"We're harnessing the power of artificial intelligence, machine learning, and computer vision to solve real-world, potentially life-threatening challenges."
Rachel is using cutting-edge technology to develop a prototype that streamlines and minimizes inefficiencies in the drug labeling review process. Her goal? To reduce the number of adverse reactions and accidental deaths caused by misinterpreted labels.
Q: What do you do?
A: I’m leading a pilot project with the U.S. Food and Drug Administration (FDA) called the Computerized Label Assessment Tool, or CLAT. We’re using technology—including machine learning and artificial intelligence (AI)—to make the process of reviewing prescription drug labels much more efficient.
Q: Why is this important?
A: Since 2013, there have been over 1,600 cases of serious injury or death related to drug label errors reported to the FDA. These labels are the FDA’s primary tool for communicating medication information. So, when they are unclear, people can actually get sicker or even die. Improving the prescription labeling process helps doctors, nurse practitioners, physicians, pharmacists, and patients avoid grave errors.
And right now, the process is highly manual and labor- and time-intensive. Typically, a reviewer performs 25 to 50 drug label reviews every year, analyzing everything from a label’s font size to word placement. And that’s just one reviewer.
Our prototype uses some of the industry's leading optical character recognition and object detection tools to expedite and streamline this process for drug labeling reviewers—with the ultimate goal of benefiting all healthcare consumers. We help answer questions like: If a medication is made in multiple strengths, are its labels easy to differentiate? Or could someone take the wrong dose because the labels are too similar?
On a daily basis, this project could impact tens of thousands of lives.
Q: How did you look at this problem differently?
A: CLAT is a tool I helped build that uses algorithms and machine vision to read drug labels and pinpoint specific items for examination by the human reviewers.

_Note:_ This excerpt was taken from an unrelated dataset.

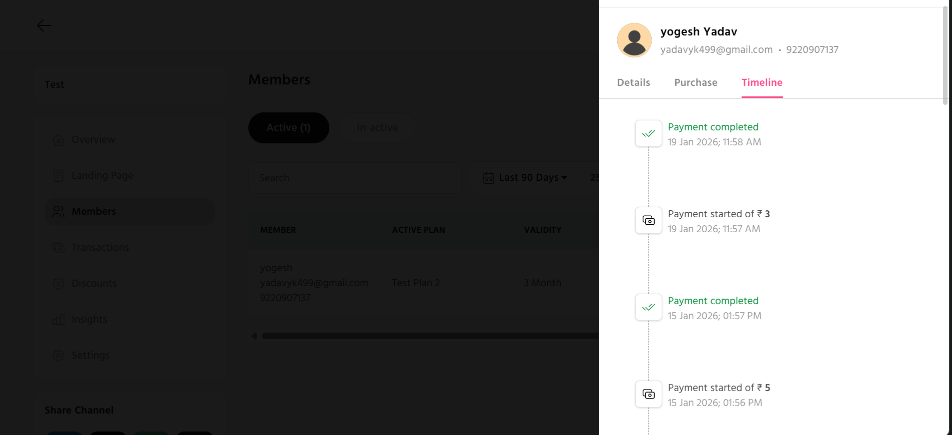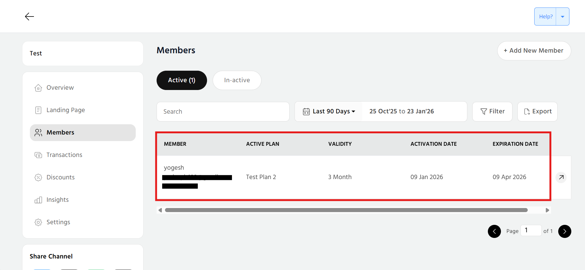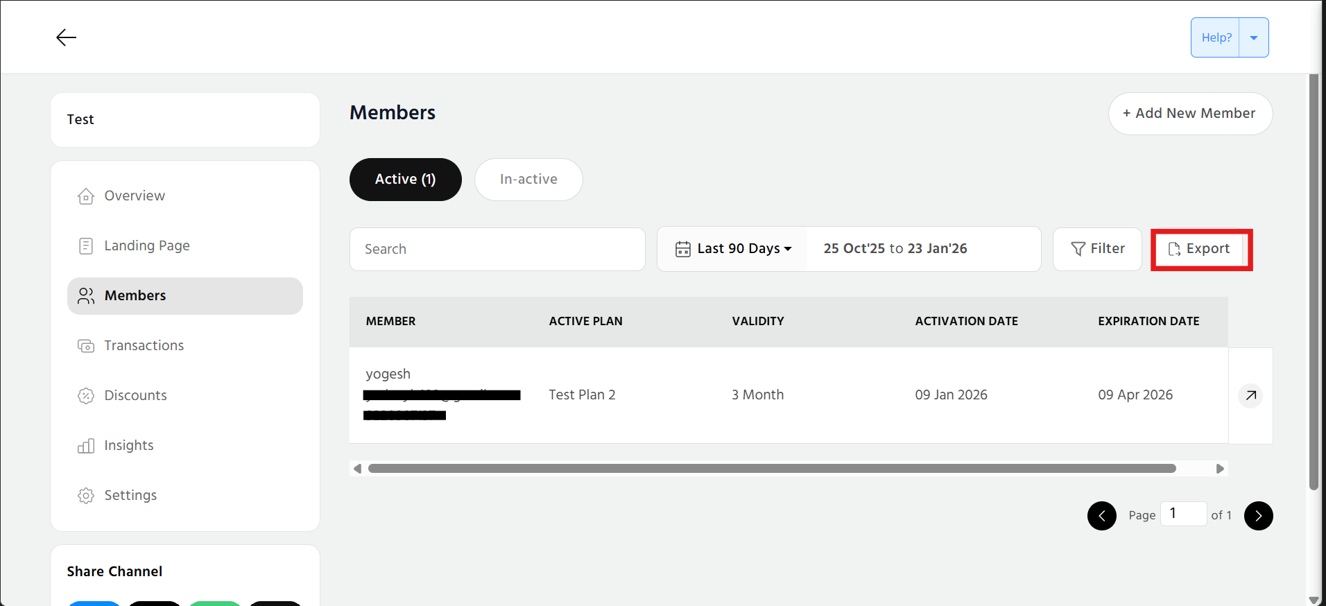 In this section, you can view the list of all the active and inactive members along with their contact details and email address. You can look at data for past 7 days or for a custom period. You can even segregate members based on filters accordingly.

Through machine learning and highly advanced algorithms, CLAT gets more and more accurate in recognizing and classifying thousands of data sets and label images. Our team also makes recommendations on standard images that could represent a particular drug type—for example, the same universal icon of an ear on all drugs that help with ear-related issues. This makes the FDA review process easier and reduces confusion among patients and caregivers.
Q: What’s the next step?
A: There are hundreds of thousands of drugs on the market, so we’ll continue to gather data through AI-based reviews and mature our processes. With better data, we’ll be able to provide better input for CLAT’s machine learning. The more we feed it, the more accurate the models get. This will, hopefully, lead to exponential jumps in efficiency. And the FDA continues to explore how this machine learning prototype could be used in other review processes, which is gratifying.

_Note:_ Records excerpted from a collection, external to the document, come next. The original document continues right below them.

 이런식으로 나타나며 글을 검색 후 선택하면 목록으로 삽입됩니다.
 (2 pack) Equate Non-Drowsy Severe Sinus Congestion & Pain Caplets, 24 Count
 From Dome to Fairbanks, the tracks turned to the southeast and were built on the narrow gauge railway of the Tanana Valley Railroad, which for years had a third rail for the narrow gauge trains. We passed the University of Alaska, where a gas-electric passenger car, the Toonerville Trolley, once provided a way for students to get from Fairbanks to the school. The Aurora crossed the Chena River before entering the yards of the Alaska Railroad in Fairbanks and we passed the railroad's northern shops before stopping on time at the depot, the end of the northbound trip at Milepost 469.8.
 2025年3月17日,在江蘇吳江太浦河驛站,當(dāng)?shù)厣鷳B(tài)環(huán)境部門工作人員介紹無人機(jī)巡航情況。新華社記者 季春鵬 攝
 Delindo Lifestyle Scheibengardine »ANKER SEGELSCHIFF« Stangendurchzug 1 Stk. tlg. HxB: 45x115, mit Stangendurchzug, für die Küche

Q: How does this project connect to your purpose?
A: I enjoy challenging the way things have always been done. And as Black woman in the technology industry, I'm motivated to drive progress. It’s important to me to show that taking chances and calculated risks can pay off. Which is exactly what I’m able to do with CLAT.
This project is the first of its kind at both ICF and the FDA to harness the power of artificial intelligence, machine learning, and computer vision to solve real-world, potentially life-threatening challenges. This has given me the freedom to think outside the box and innovate in unconventional ways. I’m grateful to be able to push the boundaries of what is possible, while making tangible impact.